To calculate the spot price, discount the future price back to today using the chosen compounding method. If you instead know the spot price and the future price, you can rearrange the same relationship to solve for the implied annualized rate (often called a “spot” or “risk‑free” rate for that maturity).

What is a Spot Rate?

The meaning of “spot” depends on the market context. A spot price is the current market price for immediate delivery and payment. In foreign exchange, the term spot rate commonly means the spot exchange rate (also a price). In fixed‑income markets, a spot rate (often called a zero rate) is the annualized yield for a specific maturity implied by a single cash flow (for example, a zero‑coupon bond). This page’s calculator primarily relates a spot price to a future/forward price using a rate; the “Zero‑Coupon / Bond” tab is appropriate when you want the yield/spot rate for a single cash flow.
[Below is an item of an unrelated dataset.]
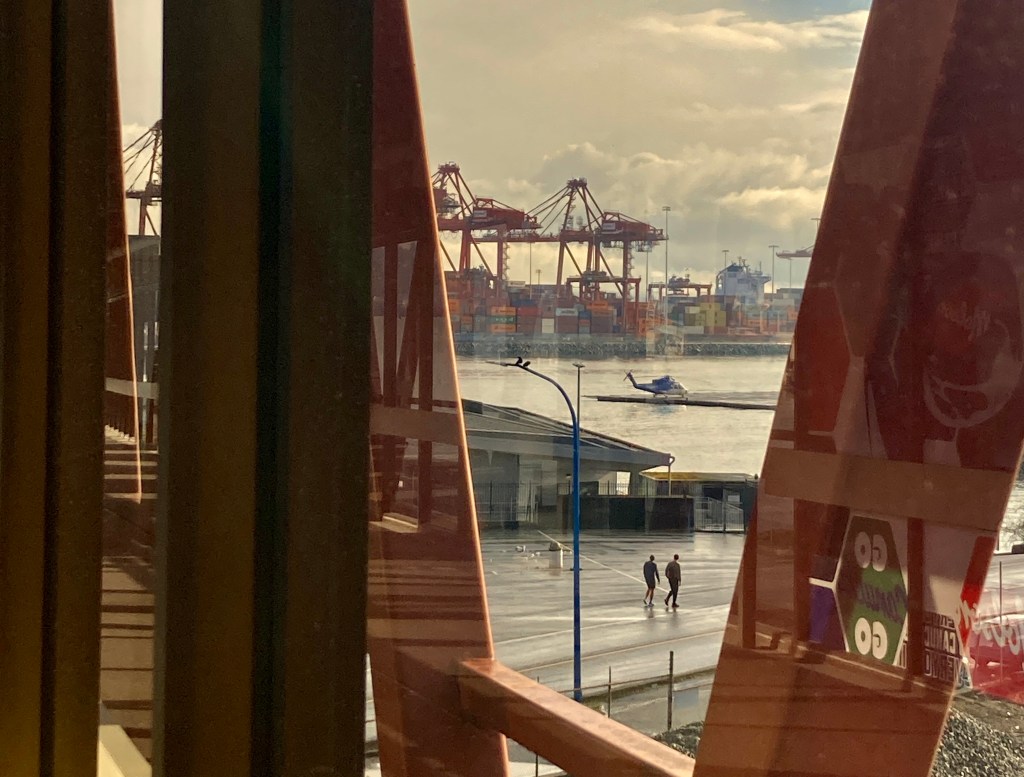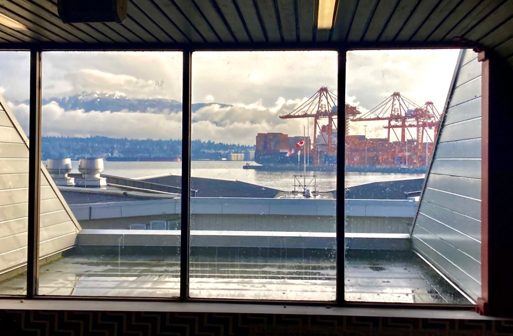 There’s the Vancouver Harbour Heliport, caught in the V-slashes of these window frames, with a helicopter on the pad, and maritime clutter all around — a line-up of harbour cranes, stacks of shipping containers below their voracious grasp, and two crows on the light standard so you know you’re in Vancouver. Plus reflections dancing merrily on the window pane.
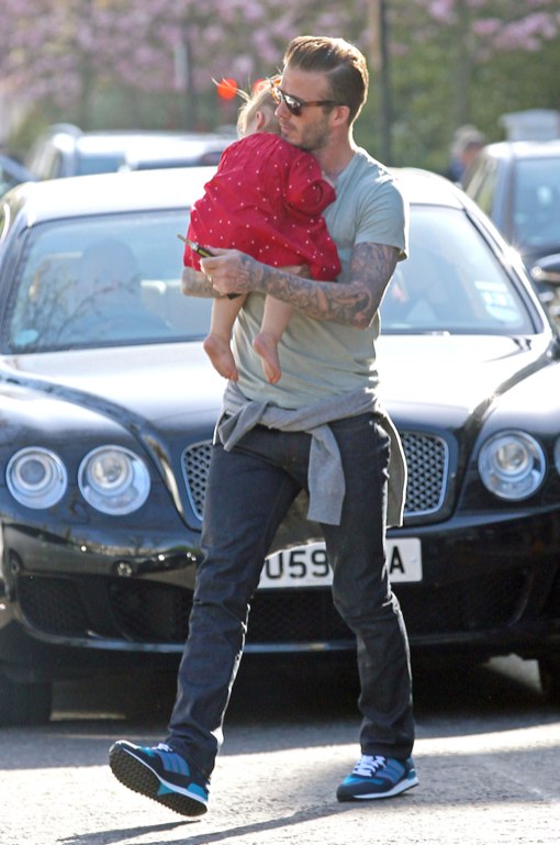51082142 Soccer star David Beckham and his daughter Harper step out together in London, England on April 29, 2013. Designer Stella McCartney walked past as David carried Harper to the car. FameFlynet, Inc – Beverly Hills, CA, USA – +1 (818) 307-4813 RESTRICTIONS APPLY: USA ONLY

How to Calculate Spot Price (Present Value)?

The following steps outline how to calculate the spot price (present value) from a future price.


  1. First, determine the future/forward price at maturity (F).
  2. Next, determine the annualized risk‑free rate (r) as a decimal.
  3. Next, determine the time to maturity (t) in years.
  4. Next, choose a compounding convention and use the appropriate formula from above (for example, with annual compounding: S = F / (1 + r)^t).
  5. Finally, calculate the spot price (S).
  6. After inserting the variables and calculating the result, check your answer with the calculator above.

Example Problem : 

Use the following variables as an example problem to test your knowledge.

future price of the asset (F) = 100

risk-free rate (r) = 0.05

time to maturity (t) = 2

Using annual compounding, the spot price is: S = 100 / (1.05)2 = 90.7029.